Last week, park officials announced the cancellation of a long-planned rebuilding of the Chisos Mountains Lodge and the park’s water system, citing budget cuts and "unforeseen challenges,” as reported by the San Antonio Express-News. Readers wishing to get a closer look at community sentiment in the Big Bend region can access the nonprofit Big Bend Sentinel, which is publishing a Border Wall Stories series.

The tragedy here reaches beyond Big Bend. Texas is the fastest-growing state in the country with the most dynamic economy. That gives us bragging rights, which we exercise exceedingly, but Texas and Washington are doing way too little to prepare the state for what that growth will mean in the coming decades.

I joined former San Antonio Mayor and Housing & Urban Development Secretary Henry Cisneros and former Express-News columnist David Hendricks to author The Austin-San Antonio Megregion: Opportunity and Challenge in the Lone Star State, published in 2025 by Texas A&M University Press. The book is a call to action to state and local leaders to move more forcefully and collaboratively in addressing growth in the I-35 corridor.

It’s not enough to crow about how fast we are growing or how many billions of dollars in windfall revenue the Texas Legislature has at hand. A city the size of Chicago – three million people – will come into our two metro areas by 2050. If you think mobility, housing, water and energy, and climate change are serious issues now, give it a few more years. In every category, the quality of life for Texans will deteriorate if these mega-issues are left unaddressed.

Even if the Trump administration were to insist on using funds exclusively to improve border security, it could invest a fraction of that $46.5 billion and transform the congestion and gridlock that plagues border cities today. We would be much smarter to invest where all the people and challenges are, including illegal guns going south and drugs coming north, along the 204-mile stretch from Brownsville to Laredo. Mexico is the United States’ biggest trading partner and Laredo is now the country’s busiest inland port. Texas enjoys more benefits from that cross-border trade than any other state. More people cross, legally and illegally, in this zone than everywhere else in Texas put together. 

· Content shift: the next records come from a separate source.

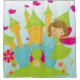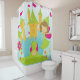 A cute and colourful shower curtain for the little princess features a royal castle, princess with brown hair and magic wand, a frog prince, and pretty flowers on a blue gradient background!
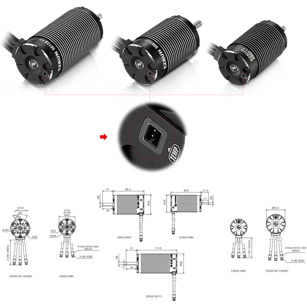 • Этот двигатель EZRUN идеально подходит для HOBBYWING EZRUN MAX6/5 ESC.
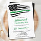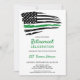 Thin Green Line Military Retirement Invitations or Military Going Away Party Invitations. This Thin Green Line Army party invitations are perfect for a military retirement, military deployments send off, military welcome home celebration, military graduation, and soldiers going away party. Thin Green Line Flag represents all military, army, border protection, border patrol, conservation officer, park ranger, game warden, federal law enforcement. Personalise this military flag invitation with your soldiers event, name, and party details.
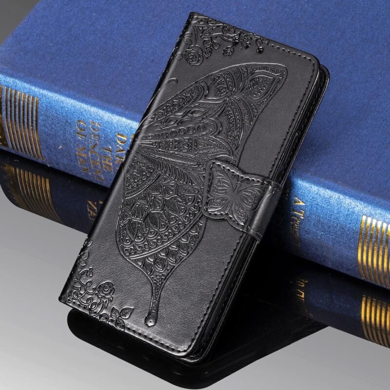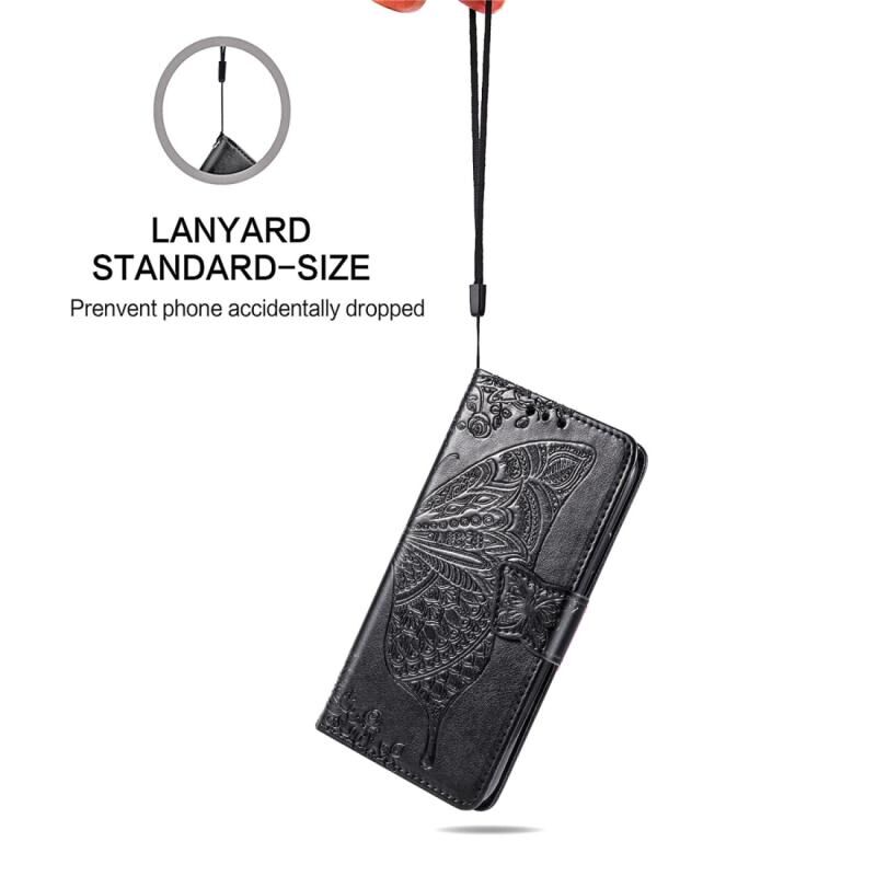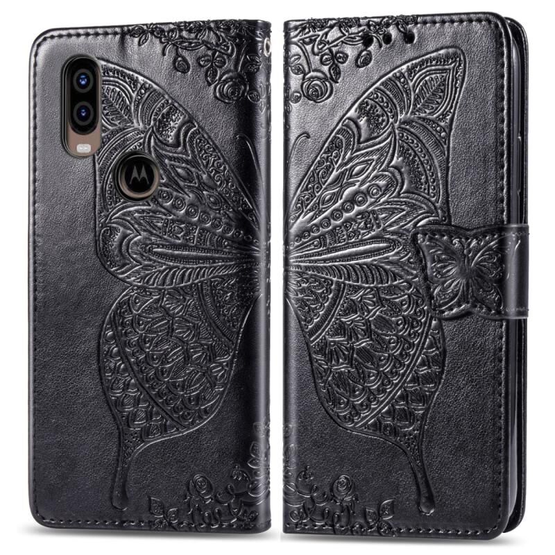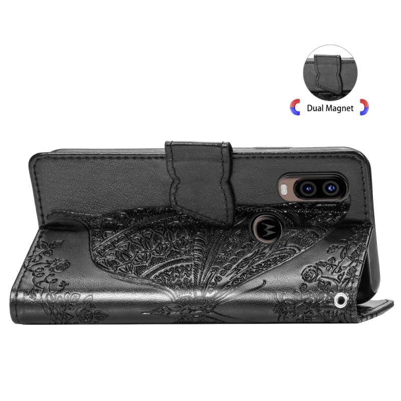 Θήκη δέρματος με οριζόντιο άνοιγμα για Motorola P40 με σχέδιο πεταλούδας, λουλούδια, ανάγλυφο, θήκη, υποδοχές καρτών, πορτοφόλι και λουρί (Μαύρο)

Trucks crossing the border spend hours and hours in miles-long lines waiting to cross, while understaffed immigration officials, Border Patrol officers, Drug Enforcement Agency agents and others struggle to keep up. Productivity would spike upwards in the state and along the impoverished border if there were sufficient crossing points, technology and staff to oversee this eternally busy stretch of the Texas-Mexico border.

I would urge anyone who has the ear of their state and congressional representatives to add their voices to those opposing the Big Bend Wall. Sign the petition. And if you are like me, plan a Big Bend sojourn and support the people there who have devoted their lives to protecting such sacred ground. Wandering the national park or the vast expanses beyond those two treasured places is a spiritual experience. We should leave it exactly as it was created, and work to make sure future generations enjoy the same opportunity we now enjoy. The Wall will only divide and destroy.